Fast forward to ten years ago. Enhancements in CPU speed and metrology went on to enable computational lithography. As it turns out, what you see is not always what you get from a mask design. Unanticipated effects can occur when mask design combined with local physical effects yield distorted images when printed on a wafer. In these instances lithography tool characteristics and mask metrology data can be utilized to compute an optical correction for the mask. Computational lithography can yield an altered mask structure which appears malformed but prints the intended image when corrected for distorting influences.

The benefits of computational lithography are best obtained in a data rich environment; tool data obtained from focus exposure plots, TIS data, physical interactions of materials and other well understood process variables. The current challenge posed by EUVL is the absence of information required for analysis.
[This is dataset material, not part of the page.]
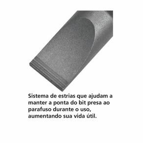 Sistema de estrias que ajudam a manter a ponta do bit presa ao parafuso durante o uso, aumentando sua vida útil.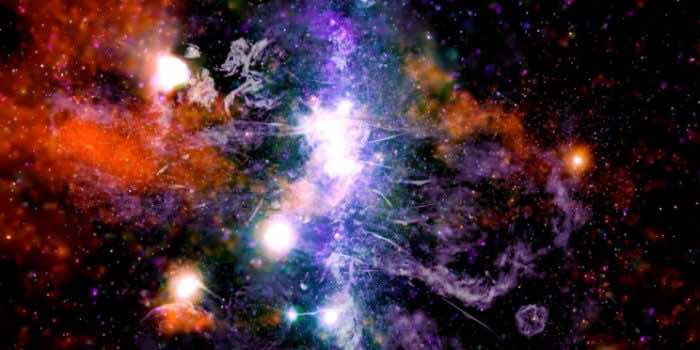 “银河中心的新全景是基于钱德拉和其他望远镜的先前调查。该最新版本将钱德拉(Chandra)的高能量视图扩展到了银河系飞机上方和下方(即大多数银河恒星居住的磁盘),而不是以前的成像努力。在我们主要图形中的图像中,钱德拉的X射线是橙色,绿色,蓝色和紫色,显示了不同的X射线能量,Meerkat的无线电数据显示在丁香和灰色中。图像中的主要功能以标记版本显示。” NASA在包含令人敬畏的图像的帖子中写道。

Even with advanced computer algorithms smoothing stochastic/random data a sufficiently accurate distribution of process/event related phenomenon are not available in the absence of a photon rich environment.  EUV photon densities which can be counted on one hand yield process uncertainties you can drive a Mack truck through (I hear this is being worked on). These observations have been discussed extensively at prior conferences; CD uniformity, LER (Line Edge Roughness) often thought to be primarily dosimetry related can be caused by other influential factors. Having studied many conference materials published by the eBeam Initiative, it seemed advanced ebeam shot tasking algorithms provided the best pattern generation abilities, providing precise control of beam energy/current, dwell time over target and beam spot size. In spite of precise control of these critical variables, ebeam lithography can still benefit from computational lithography analysis.



Full Circle With Line Edge Roughness

It would seem the 2018 SPIE conference has brought us full circle, resuming prior discussions on available EUV source power and compensation for its absence. We are again discussing resist materials for use with less than optimal EUV power; their sensitivities to secondary emissions and related cause/effect variables. It would seem we must pursue three strategies in the continued quest for EUVL.

1. QAM (Quantum Assisted Metrology). The number of structures resulting from 5 nm design rules in High Volume Manufacturing continue to grow geometrically. Given fifty or more mask levels it will be challenging to fabricate trillions of critical device structures, all of which must be perfectly formed to achieve anticipated process yields. The lithography challenge here remains significant as it is reported that EUV masks are not yet interchangeable among EUV steppers. The metrology required for analysis and SPC of such devices is currently insufficient to the task as any measurement speed improvements are offset by the sheer volume of CDs to be measured. QAM (Quantum Assisted Metrology) providing parallel processing of data distributed among multiple logic states would seem to be a priority pursuit in extending the viability of EUVL.

2. QA-IMF (Quantum Assisted - In-situ Metrology Fabrication). Assuming the successful implementation of QAM, a future EUVL strategy might entail a QAM module providing real time feedback of metrology/process control information to QA-IMF (Quantum Assisted - In-situ Metrology Fabrication tools). Metrology data fed back to optimize fabrication/lithography tool accuracy is not a new concept but when considered for use with EUVL on 5 nm structures we must similarly consider the implementation of Quantum computed data to make the concept viable. E beam systems are being proposed featuring In-situ metrology providing feed back to enhance write accuracy. Similarly implemented in EUVL, such systems could benefit from this design approach and greatly improve speed, accuracy and precision for advanced maufacturing.

3. Continued development of a high power/uptime EUV light source. I will not elaborate here other than to say we are all aware we will need an abundance of EUV photons to adequately address future EUVL requirements.


In conclusion, I continue to follow the EUV program and the contributions of many with great interest. It would seem the application of quantum computing might provide the best approach to any demanding semiconductor problem set inclusive of EUVL.  [1] IBM seems a likely candidate to assist in providing an accelerated path adapting quantum computation to semiconductor applications.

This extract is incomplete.